Authors
Xiangqiu Chen, Tao Wu, Weifei Liang, Ming Huang, Shaohua Zeng, Qingchun Zhou, Hao Lin, Xichun Zheng, Qizhi Xu, Jing Wang, Wenwu Liu, Qingyou Zheng, Qishan Long, Zhuohui Ning, Xinyi Cao
Published in
Translational andrology and urology. Volume 15. Issue 6. Pages 207. Jun 30, 2026. Epub May 14, 2026.
Abstract
Clear cell renal cell carcinoma (ccRCC) is the most common kidney cancer subtype. While localized disease is treated surgically, therapeutic options for advanced cases remain limited. This highlights an urgent need for reliable prognostic markers and novel therapeutic targets. Therefore, this study aimed to clarify the clinical significance and functional role of MAGI3 in ccRCC.

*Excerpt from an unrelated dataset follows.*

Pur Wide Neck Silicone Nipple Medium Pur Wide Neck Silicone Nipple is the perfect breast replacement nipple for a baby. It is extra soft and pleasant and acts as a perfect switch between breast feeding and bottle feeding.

We analyzed MAGI3 expression in ccRCC and normal tissues using public datasets and clinical samples. Its correlation with clinicopathological features and patient survival was evaluated. The biological role of MAGI3 and its underlying mechanism were investigated through in vitro and in vivo functional assays.

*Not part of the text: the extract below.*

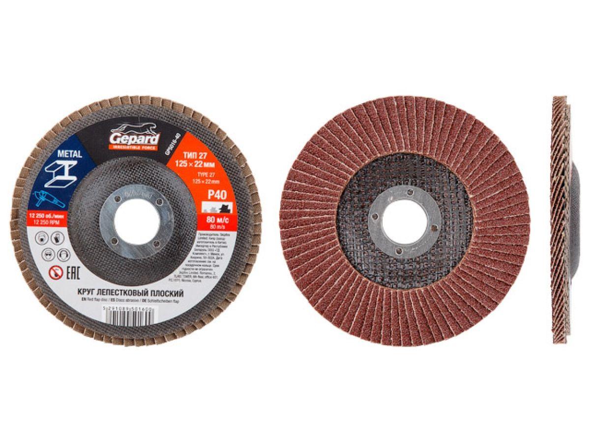| | Круг лепестковый 125х22мм P40 плоск. GEPARD (GP5016-40) (плоский КЛТ-1) |

MAGI3 expression was significantly downregulated in tumor tissues compared with adjacent normal kidney specimens. Lower MAGI3 levels correlated positively with advanced tumor stage, higher Fuhrman nuclear grade, lymph node metastasis, increased infiltration of immunosuppressive cell populations, and poorer overall patient prognosis. Functional experiments further demonstrated that MAGI3 overexpression effectively suppressed ccRCC cell proliferation, migration, and invasion in vitro and in vivo by inhibiting STAT3 signaling phosphorylation and downstream transcriptional activity.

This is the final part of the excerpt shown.